Bus masih tetap melaju. Semarang-Kendal-Pemalang Saiful lewati dengan harap-harap cemas. Entah Saiful harus menjawab apa ketika sampai di Tegal nanti. Jadi bingung lontang-lantung Saiful meracik majas jika membubuhi pertanyaan Abah nanti. Tak mungkin Saiful menimpalkan pada bangku-bangku kosong pada bus yang mulai bersih dari asap lintingan kretek itu.
***
Tepat ketika matahari hendak bersembunyi dibalik awan sore. Tepat ketika hentakkan adzan telah berlalu dengan iqomah si muadzin. Pemuda abad 21 itu mulai turun mengikuti satu-dua-tiga penumpang sebelumnya. Saiful berlalu, tanpa mengambil air wudlu dan sesegera mungkin menjalankan perintahNya. Saiful hiraukan saja lima waktu yang sudah menjadi kewajiban bagi muslim sepertinya. Lupa sudah ia akan jahannamNya. Mungkin setan telah benar-benar kencing di telinganya.
Seperti kata Abdullah Bin Mas’ud. Ada seorang pria mengisahkan kepada Rosulullah, tentang seorang yang tetap tidur dari malam hingga pagi. Rosulullah pun menanggapinya bahwa setan telah kencing di telinganya. Lebih parah! Karena saiful bukan pada posisi tertidur.
Dinding musholla yang bertuliskan “Tidakkkah engkau takut akan neraka Waill yang telah Allah persiapkan, jika engkau menyia-nyiakan shalat, menuruti hawa nafsu, ataukah takut jika duniamu meniggalkanmu dari pada Firdaus-Nya yang kekal......” tak menghipnotis Saiful sekalipun. “masa bodoh..” Langsung saja Saiful masuk ke sebuah angkutan kuning dan menyalakan api pada lintingan kretek, kemudian menjulurkannya ke mulut tipis Saiful. “hmm...”
Kembali lagi Saiful menapakkan kaki di kampung halaman.

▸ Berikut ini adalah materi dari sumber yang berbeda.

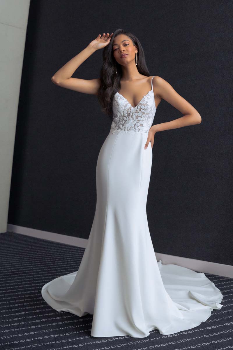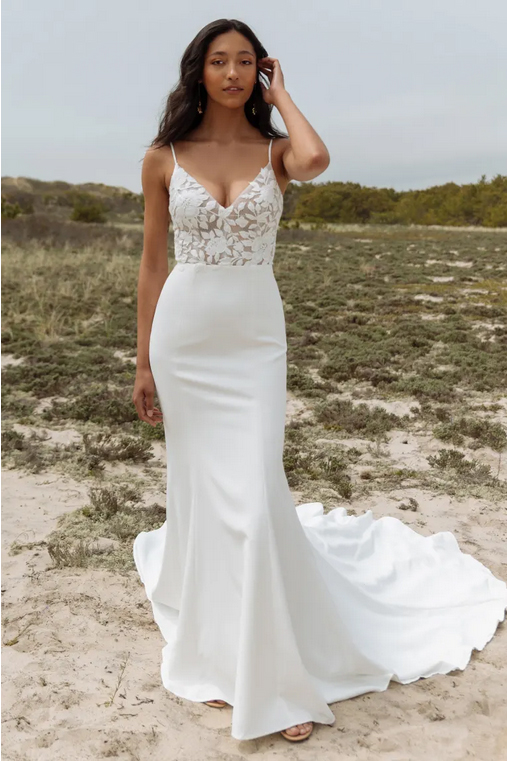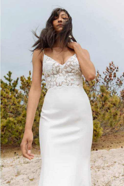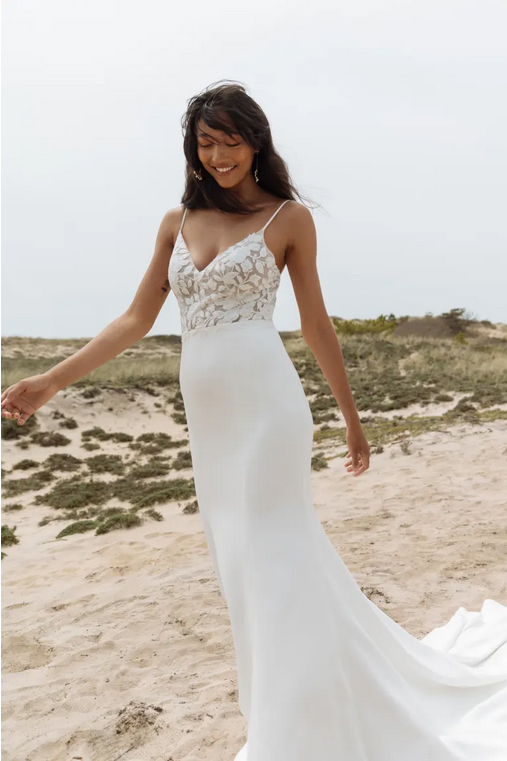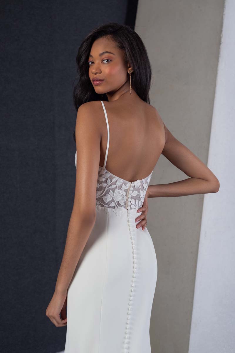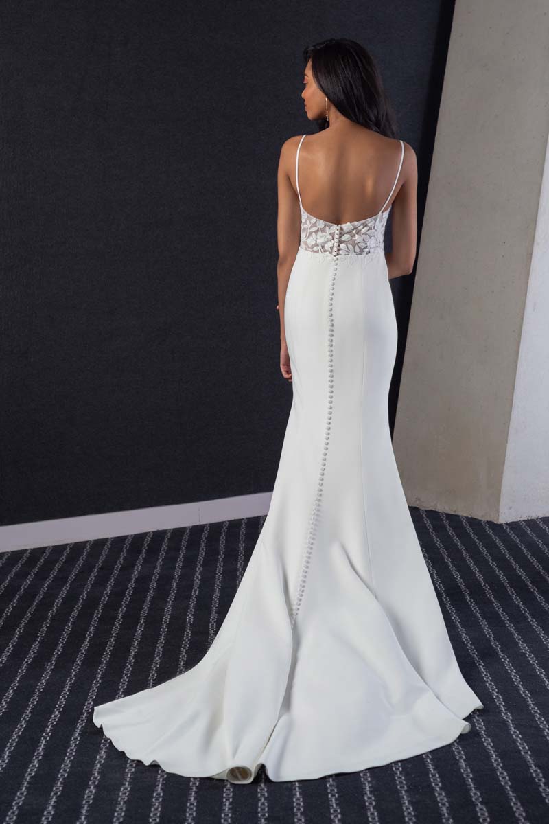 The Christina wedding dress takes a modern approach to romance. Featuring a sleek crepe fit and flare skirt, with a delicately textured sheer illusion floral bodice. Dainty spaghetti straps highlight your shoulders as the V neck and princess seams elongate your body in a clean, effortless way. A dramatic train and covered buttons to them give this gown a timeless feel.

Setelah Saiful ulurkan beberapa lembar ribuan kepada kernet angkot. Kali kedua dalam sebulan terakhir. Ironis, Satu-dua wanita paruh baya mulai menanyakan kepulangannya. Namun Saiful hanya menjawab dengan senyuman kecut andalannya. Tak jauh beda seperti pada kali pertama. Tak pernah terlintas dalam benak Saiful tentang kesayogyaan yang selayaknya tidak dilakukan seorang santri. Oblong biru dan jeans pensil yang Saiful kenakan semakin membubuhi buah bibir para tetangga. Lupa sudah ia akan pecinya. Entahlah, Abah dan Umi pasti mengurut dada kali menyaksikan kenylenehan anaknya.

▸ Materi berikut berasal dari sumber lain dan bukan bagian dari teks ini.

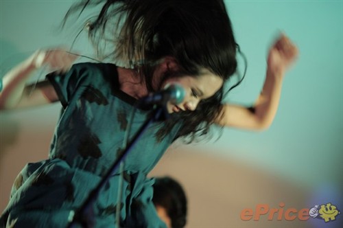 ▲图二十二:这位太太键盘手兼主唱阿牧在表演中突然一跃而起,她飞扬的头发与洋装美呆了。
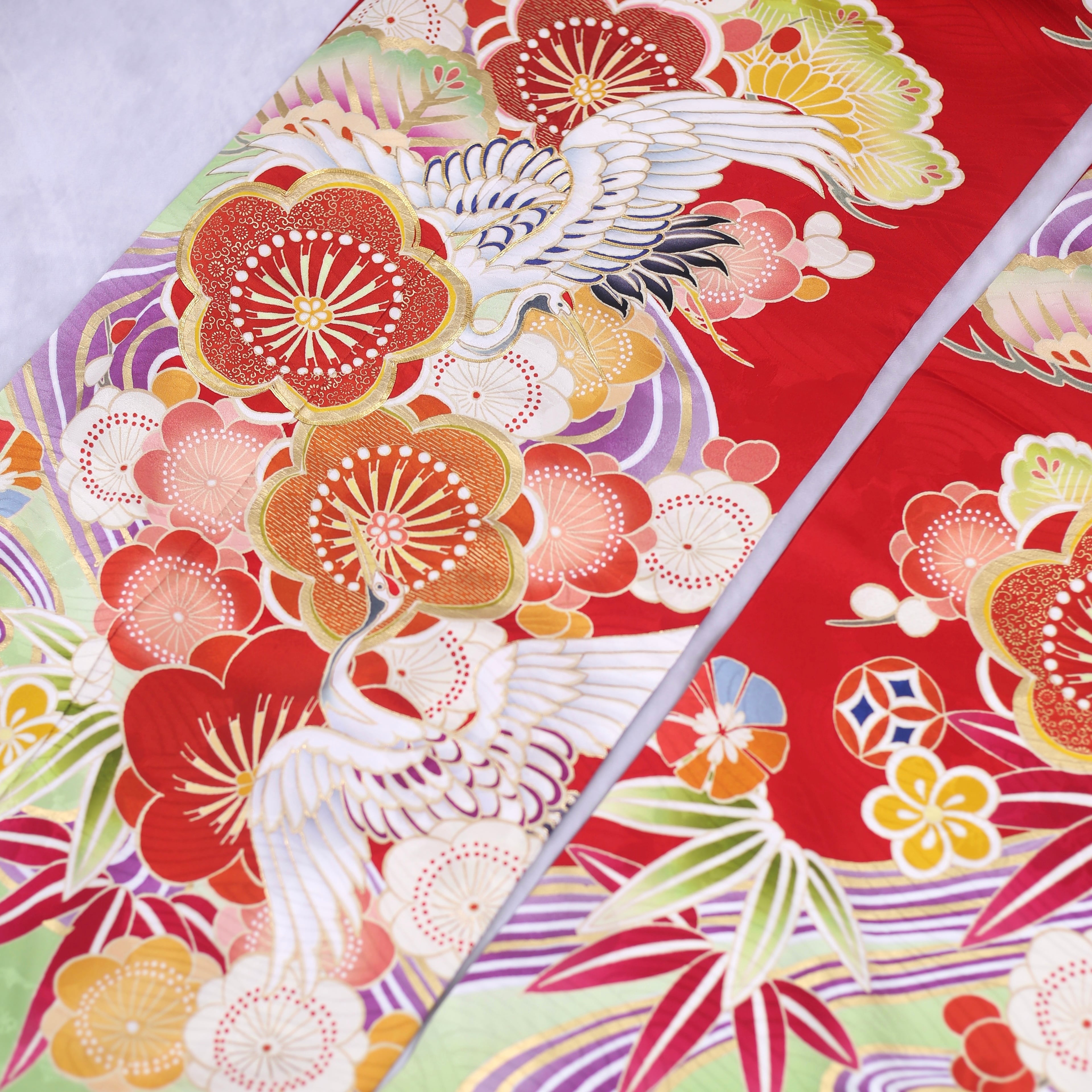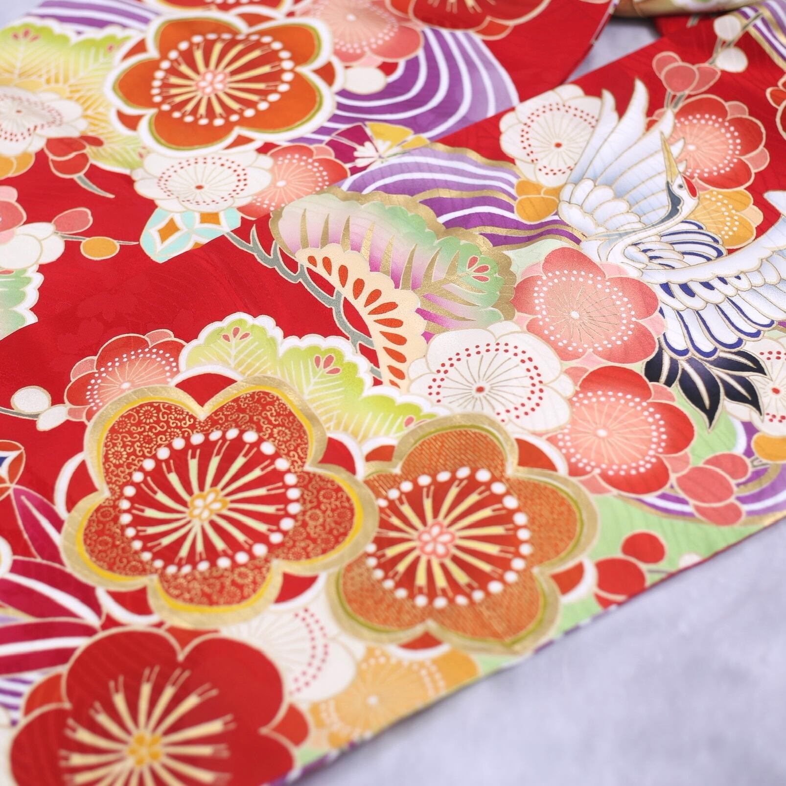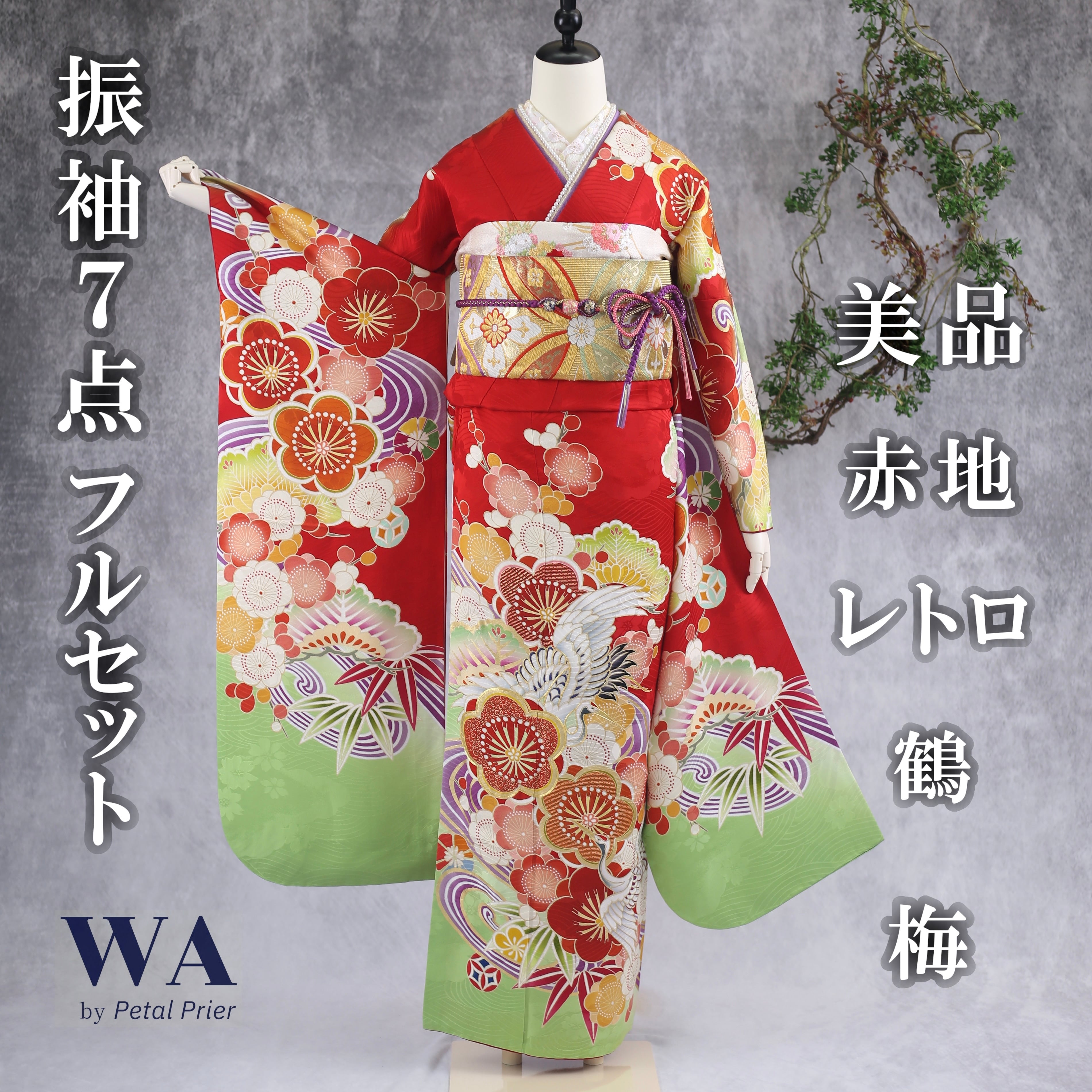 振袖フルセット 振袖セット 振袖 Lサイズ 赤×黄緑 美品 成人式 着物 晴れ着 7点フルセット F-25

Belum sampai Saiful menggantungkan oblong birunya. Abah masuk ke kamar Saiful dengan tensi kemarahan yang kian merambah keubun-ubun. Meluap, dan turun deras ke punggung belakang Saiful. Tentunya melalui tangan seorang Petani yang makin merenta itu. Saiful linglung,
“apa yang sebenarnya terjadi; Kulo salah nopo???”

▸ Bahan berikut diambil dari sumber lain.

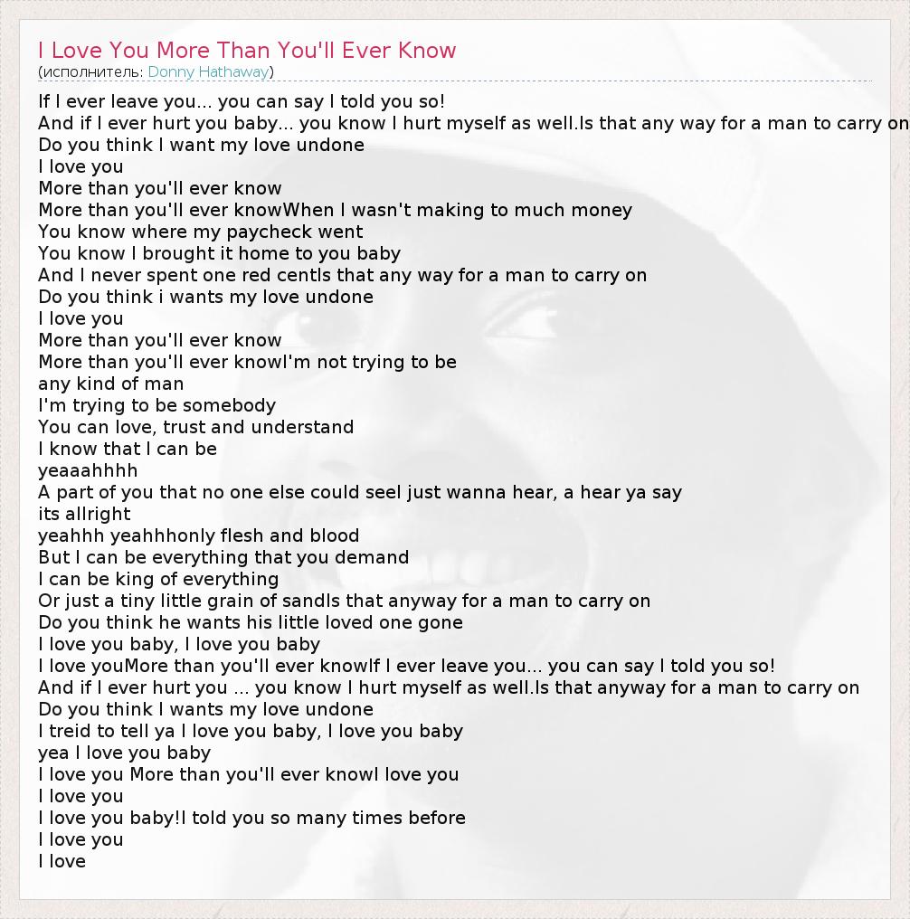 ГлавнаяИсполнителиDonny HathawayI Love You More Than You'll Ever Know

Satu angka Saiful menang ketika Abah menyudahi pukulannya. Tapi, angka kedua dan selanjutnya ada ditangan Abah. Berangkat dari diulurkannya sepucuk surat dengan kop berlafadz arab. Bukan surat hak milik ladang. Bukan pula surat dari notaris PPAT. Tak ada tanya. Saiful sudah mafhum bahwa itu adalah surat khas pesantren Darul Hikam tempat Saiful menimba ilmu. Lebih dari satu! Saiful tak menyangka pihak pesantren telah sebanyak itu melayangkan surat untuk Abah dan Umi. Tujuh lembar! Isinya tak jauh lebih parah dari beberapa pelanggaran Saiful di pesantern.
“opo seperti itu kelakuanmu nang!? cukup! Abah muak dengan semua surat ini…!”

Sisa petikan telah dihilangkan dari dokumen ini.